**WHAT NEEDS TO BE DONE**
Reproduce each line from the records that holds "with".

**PROVIDED RECORDS**

────────────────────────────────────────

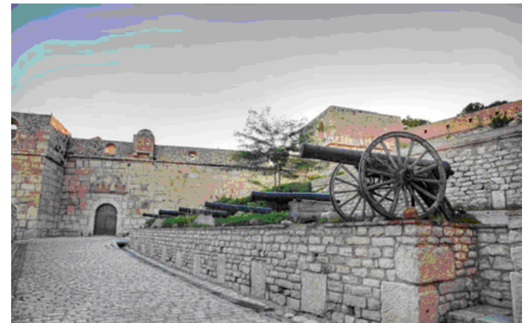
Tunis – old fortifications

────────────────────────────────────────

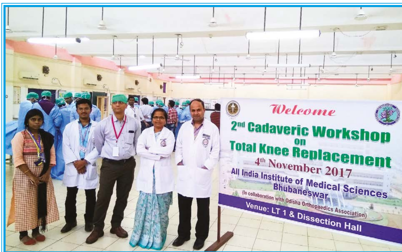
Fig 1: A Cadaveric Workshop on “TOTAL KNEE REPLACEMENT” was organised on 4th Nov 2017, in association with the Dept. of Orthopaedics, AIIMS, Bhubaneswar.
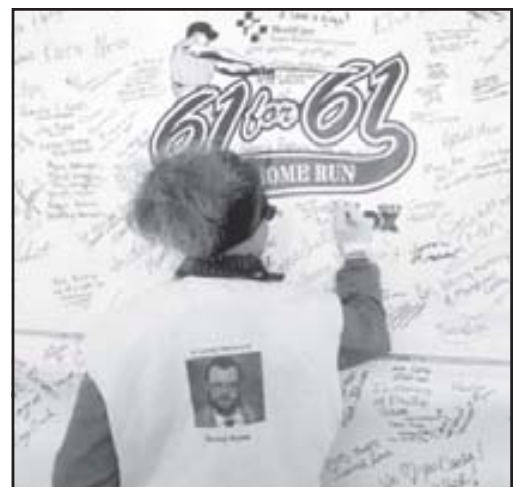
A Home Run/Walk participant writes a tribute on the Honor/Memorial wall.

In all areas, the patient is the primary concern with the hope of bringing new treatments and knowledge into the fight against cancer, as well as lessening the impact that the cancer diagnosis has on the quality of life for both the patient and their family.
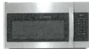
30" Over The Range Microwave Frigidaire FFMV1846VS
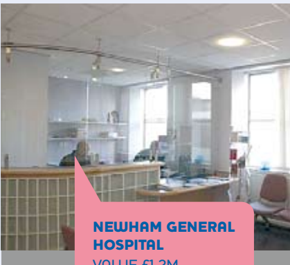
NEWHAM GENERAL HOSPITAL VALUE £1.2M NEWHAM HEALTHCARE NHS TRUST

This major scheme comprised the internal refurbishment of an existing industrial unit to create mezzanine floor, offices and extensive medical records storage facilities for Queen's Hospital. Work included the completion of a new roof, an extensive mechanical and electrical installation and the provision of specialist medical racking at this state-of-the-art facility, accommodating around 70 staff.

────────────────────────────────────────

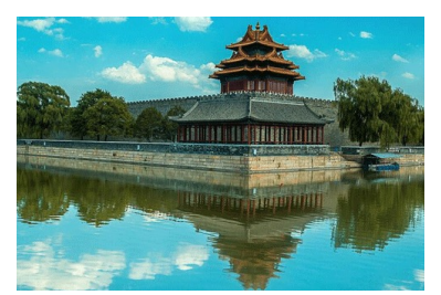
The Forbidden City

────────────────────────────────────────

**PROBLEM SOLUTION**
Fig 1: A Cadaveric Workshop on “TOTAL KNEE REPLACEMENT” was organised on 4th Nov 2017, in association with the Dept. of Orthopaedics, AIIMS, Bhubaneswar.
In all areas, the patient is the primary concern with the hope of bringing new treatments and knowledge into the fight against cancer, as well as lessening the impact that the cancer diagnosis has on the quality of life for both the patient and their family.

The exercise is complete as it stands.